OpenAI has created a new benchmark called MLE-bench to evaluate how well AI agents can develop machine learning solutions. The benchmark includes 75 Kaggle competitions and aims to measure the progress of autonomous AI systems in ML engineering.
MLE-bench focuses on two key areas: selecting challenging tasks that represent current ML development and comparing AI results with human performance.
The 75 competitions cover various fields, including natural language processing, computer vision, and signal processing. Many tasks have real-world applications, such as predicting COVID-19 mRNA vaccine degradation or decoding ancient scrolls.
Initial tests show promise and limitations
OpenAI tested several AI models and agent frameworks on MLE-bench. The o1-preview model with the AIDE framework performed best, achieving at least a bronze medal in 16.9% of competitions. This result surpassed Anthropic's Claude 3.5 Sonnet.

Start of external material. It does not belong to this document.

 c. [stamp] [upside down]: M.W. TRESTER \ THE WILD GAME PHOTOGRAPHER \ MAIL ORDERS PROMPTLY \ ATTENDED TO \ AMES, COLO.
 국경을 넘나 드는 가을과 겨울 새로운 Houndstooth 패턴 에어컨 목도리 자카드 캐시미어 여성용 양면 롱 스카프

The researchers also examined how different scaling methods affected AI agent performance. More attempts per competition significantly improved success rates. With 8 attempts, the medal rate of o1-preview doubled to 34.1%. Longer processing times led to better results. GPT-4o increased its medal rate from 8.7% to 11.8% when processing time was extended from 24 to 100 hours. However, additional GPU power had little impact on performance.
MLE-bench to be continued
While creating MLE-bench, OpenAI faced challenges such as potential contamination from publicly available Kaggle competitions. To address this, the company used a plagiarism detector to compare agent submissions with top Kaggle solutions and conducted experiments to check for contamination effects.

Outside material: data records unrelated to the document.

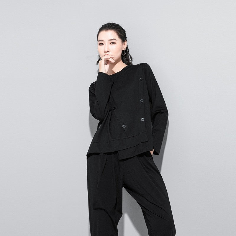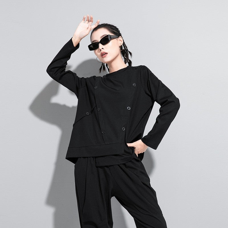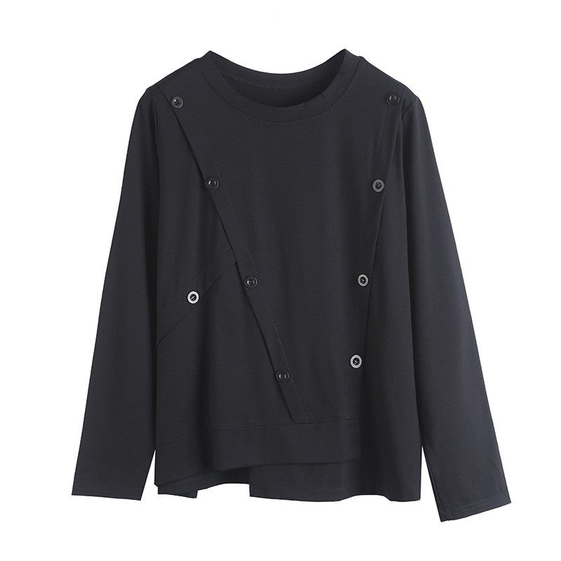 Loose-Fit Long Sleeve T-Shirt With Button Decoration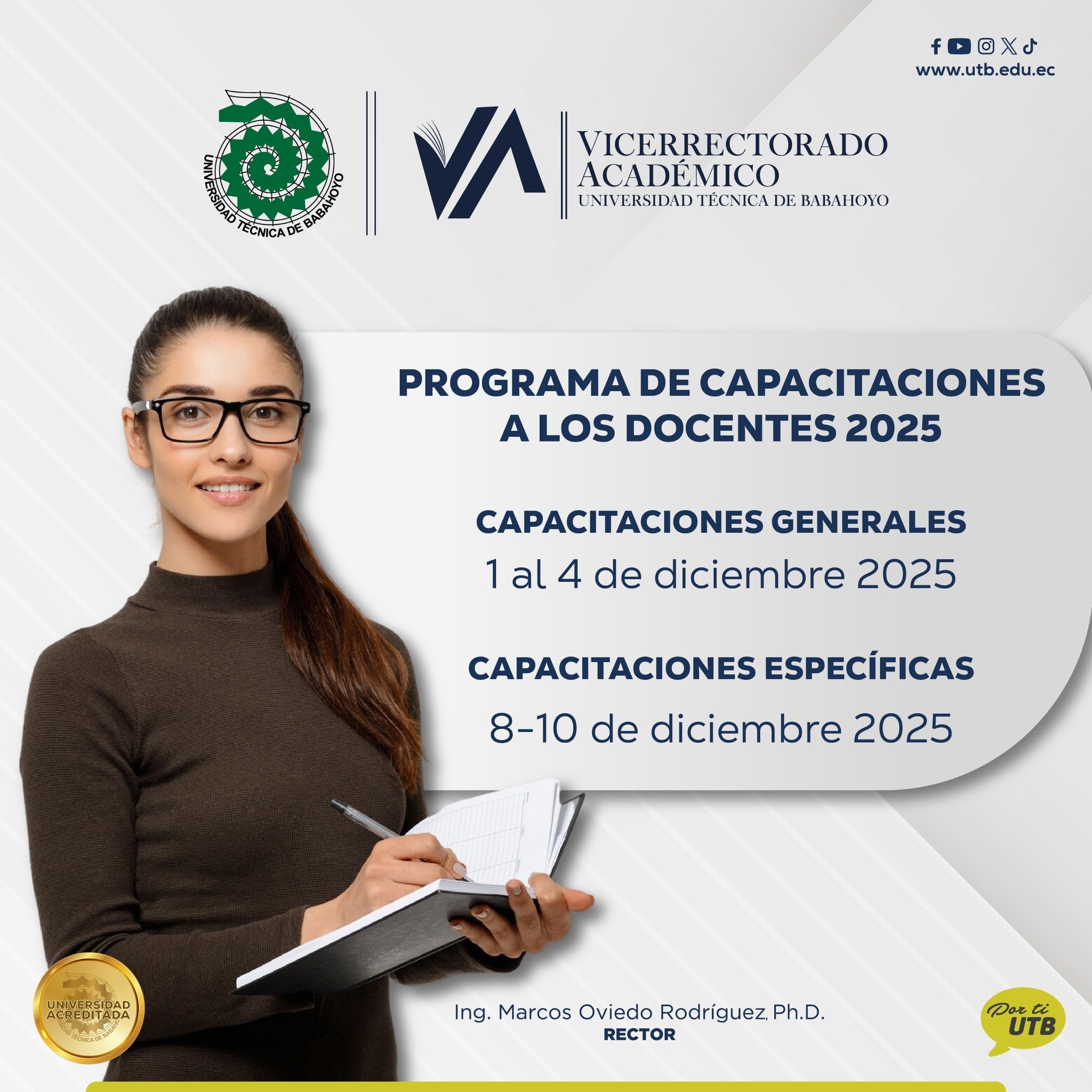 Programa de Capacitación Docente 2025 a ejecutarse del 1 al 4 con Capacitaciones Generales y del 8 al 10 con Capacitaciones Específicas. Una iniciativa orientada a fortalecer las competencias académicas y pedagógicas de nuestros docentes, en cumplimiento de nuestro compromiso con la excelencia educativa y la mejora continua.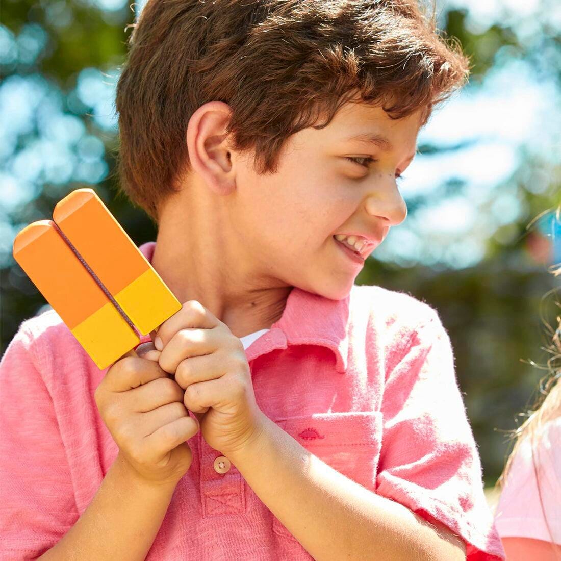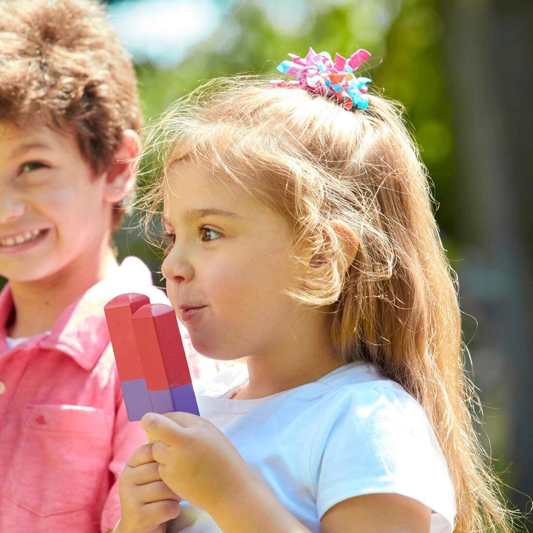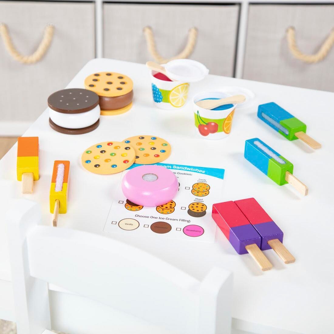 Toddlers and preschoolers can chill out with this 24-piece mix-and-match set! Make wooden ice cream sandwiches, ice pops, and Italian ice cups. Self-stick tabs hold together three different cookie flavors and vanilla, chocolate, and strawberry ice cream fillings. There are six multi-colored ice pops on sticks to stick together and pull apart. Or, fill the lidded cups with four flavors of ice and serve with a classic wooden spoon! Display the array of chilled goodies in the storage tray and use the menu card to identify all the pieces and place orders.Features

OpenAI acknowledges that MLE-bench doesn't cover all aspects of AI research and development. The benchmark focuses on tasks with clear problems, clean datasets, and straightforward evaluation metrics. Real-world challenges are often less well-defined.
Despite these limitations, OpenAI sees MLE-bench as a valuable tool for assessing core ML engineering skills. These include preparing large multimodal datasets, managing long-term training procedures, and debugging underperforming models.
The MLE-bench benchmark is available on GitHub.